I tak każdy po kolei składał życzenia i wręczał prezent. To był bardzo miły moment. 
- No to może teraz pochwalisz się co dostałaś?- zachęcał Michał. 
- Zobaczymy. 
  
Przystąpiłam do odpakowywania prezentów. Dlaczego oni nie mogą nic skromnego kupić?! Nie żebym była wybredna , ale nie lubię jak ktoś kupuje mi drogie rzeczy. 
- Nie musieliście się tak wykosztowywać. 
- Drobiazg. 
- No właśnie nie.
- Nie marudź.
  
-Trzynastkę już masz, szesnastkę też, to teraz dziewiątka do kolekcji, by się jeszcze przydała - powiedział ktoś z głębi sali, a dokładniej Rucy. Zibi spojrzał na niego i na mnie po czym wyszedł z pomieszczenia bez słowa. 
- I weź go tu człowieku ogarnij… 
  
Od Krzysia była koszulka z podpisem i specjalną dedykacją: 
 „ Dla naszego cudownego Karmelka, któremu z twarzy nigdy nie schodzi uśmiech. Jest takim naszym promyczkiem. Reprezentacja bez niej to nie ta sama reprezentacja. Nie zapominaj nigdy o swoich przyjaciołach i zawsze się uśmiechaj”. 
  
  
Od tatusia nowiutkie autko, a mianowicie nowy  czerwony land rover. 
Misiek podarował mi dwa bilety na wycieczkę do Australii.
- Ciekawe kogo ja tam zabiorę? 
- Ja jestem chętny! 
- Jak się Iwona zgodzi, to możemy pogadać Krzysiu.
- No to może Zbyszka zabierzesz? 
- Żeby mi życie umilał? 
- Oj tam, nie taki zły jak go malują… 
  
Coralgol i Możdżi podarowali mi szybki kurs nauki japońskiego. 
- Chłopaki, a z kim ja się go mam uczyć? 
- No jak to z kim? Z nami. My jesteśmy najlepszymi nauczycielami!- zakomunikowali równocześnie. 
- Trzeba było tak od razu, krzaczki nadchodzimy!- wszyscy zaczęli się śmiać.  
- Przyda ci się.- powiedział Marcin 
- I to jeszcze jak!- zawtórował Michał 
- Żeby zostać poliglotką?- kolejna salwa śmiechu coś czuję, że dzisiaj już tak zostanie. 
  
Zibi okazał się bardzo pomysłowy. 
- Rozumiem, że jedziesz tam ze mną? 
- Przyznam, że o tym nie myślałem, ale skoro proponujesz to nie wypada odmówić. 
-Witaj przygodo w SPA 
- Ale wiecie, żeby się tam nic nie wydarzyło takiego - odezwał się jak zwykle najmądrzejszy Bratek. 
- Człowieku za kogo ty mnie masz.

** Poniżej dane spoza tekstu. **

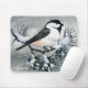 Linda Baysinger Aquarellmalerei Pecks eines Schwarzen bedeckte Chickadevogel, Sitzen auf einer Kiefernniederlassung, im Schnee mit einer Kappe. Bild © Linda Baysinger Peck alle Rechte vorbehalten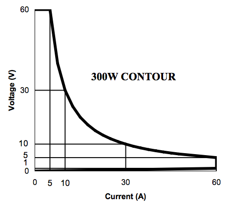 A very similar curve is the power contour of the electronic load. In practice, the power contour curve of an electronic load shows how much current that a load can sink at various voltages when programmed to their maximum power level. The figure below shows the power contour for a Sorensen SLM 60-60-300 Electronic Load. It has a maximum input voltage of 60 VDC, a maximum input current of 60 A, and a maximum power capability of 300 W.

Za jakiegoś sadystę, albo kogoś gorszego? 
Piter to się dopiero postarał. 
- Fajnie, bo będę miała w końcu z kim grać 
- A ja to niby co? 
-Oj Bartuś, ty też i Paweł, no i wszyscy, ale wiesz Piotrek jest specjalistą od tego. 
  
Reszta prezentów też był świetna: 
Bratek i Kojot - zapas Monte, ale pod warunkiem dzielenia się z nimi. 

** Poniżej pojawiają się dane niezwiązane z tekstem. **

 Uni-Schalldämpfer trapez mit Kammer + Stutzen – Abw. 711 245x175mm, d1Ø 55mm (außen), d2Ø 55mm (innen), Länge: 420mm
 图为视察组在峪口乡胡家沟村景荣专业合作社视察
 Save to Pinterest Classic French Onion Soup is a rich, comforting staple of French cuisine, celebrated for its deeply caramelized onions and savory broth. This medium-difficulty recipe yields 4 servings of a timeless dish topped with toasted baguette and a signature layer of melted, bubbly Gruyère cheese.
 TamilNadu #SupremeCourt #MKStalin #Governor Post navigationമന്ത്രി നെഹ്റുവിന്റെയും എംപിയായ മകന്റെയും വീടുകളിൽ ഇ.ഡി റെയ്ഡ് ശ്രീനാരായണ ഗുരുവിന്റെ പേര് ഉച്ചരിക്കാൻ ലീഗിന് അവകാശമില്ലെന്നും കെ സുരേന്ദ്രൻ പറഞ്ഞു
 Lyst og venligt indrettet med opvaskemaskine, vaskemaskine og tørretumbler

Kosa - perfumy z Pumy. Trzeba przyznać, że chłopak się zna i trafił w mój gust. 
Wiśnia - ulubione płyty z muzyką. 
Rucy i Zati - zestaw książek, żeby mi się nie nudziło. 
Stryj - kurs windsurfingu. To jest to co uwielbiam 
Olek, Rafał i doktor Sowa – podróż po Europie, Jarząbek oznajmił że zabiera się ze mną. 

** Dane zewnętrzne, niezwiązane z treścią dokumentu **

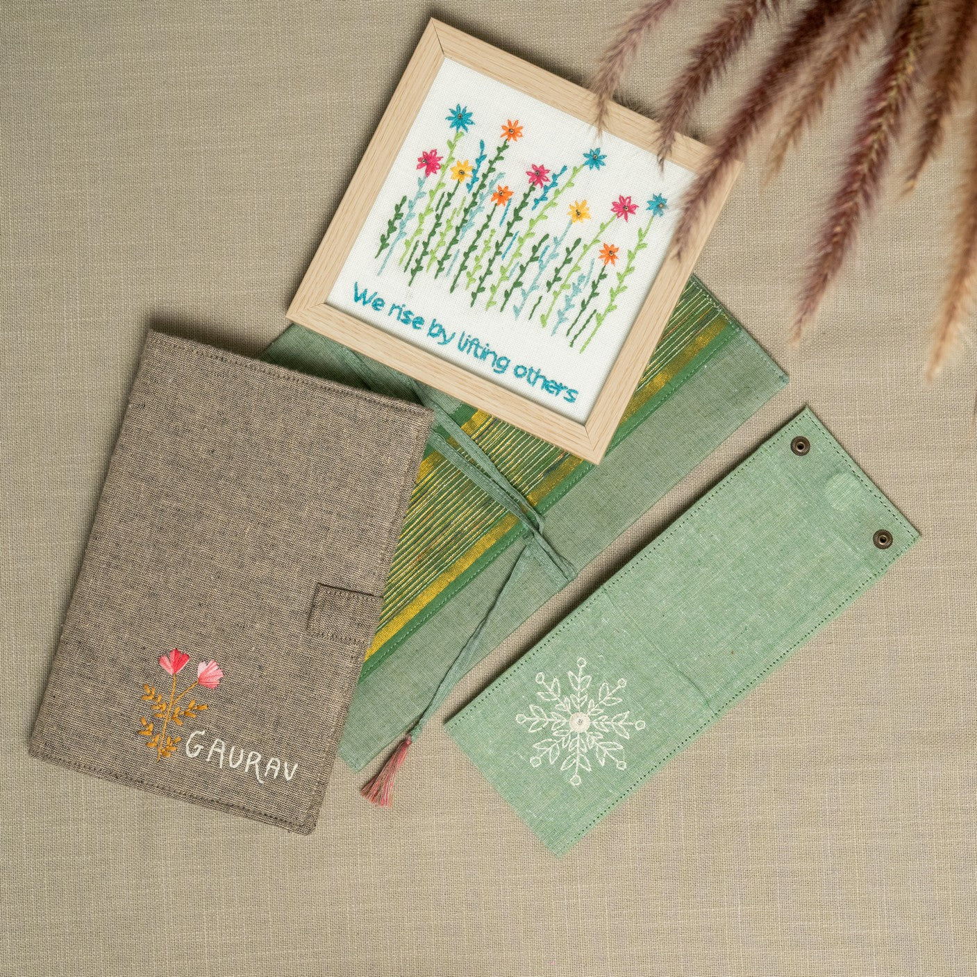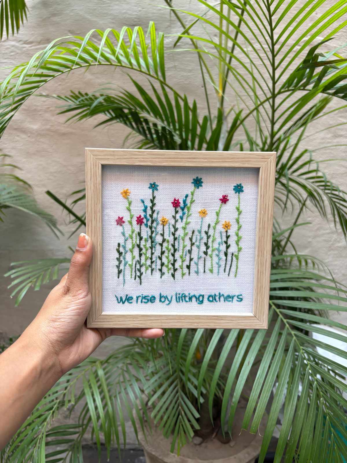 🖼️ 1 Hand-embroidered Frame (8 x 8 inches) – with blooming flowers and the words “We rise by lifting others” stitched with love, perfect to brighten a wall, desk, or shelf.

Jamal i Jarząbek - kufer z kosmetykami .
  
Wszystkim bardzo podziękowałam. Zaskoczyli mnie i to bardzo. Nie spodziewałam się aż takiej imprezy. Strach pomyśleć co moi włoscy przyjaciele wymyślili. Zabawa trwała w najlepsze każdy bawił się świetnie. Wyszłam na taras zaczerpnąć świeżego powietrza. 
- I jak podoba się przyjęcie? 
- I to jeszcze jak! Oj tatusiu, też brałeś udział w tym niecnym planie. 
Nic nie powiedział tylko się uśmiechnął. 
- Giulio i Petro dzwonili z życzeniami 
- A mama? 
- Jeszcze nie… 
- Nie martw się, na pewno zadzwoni - mówił to z pewnością w głosie, ale chyba do końca sam w to nie wierzył. 
- Cristo dzwonił z całą resztą oczywiście i stwierdzili, że jak będę we Włoszech to odbijemy to sobie i pójdziemy do klubu się wyszaleć. Ale to chyba za rok albo w grudniu po południu. 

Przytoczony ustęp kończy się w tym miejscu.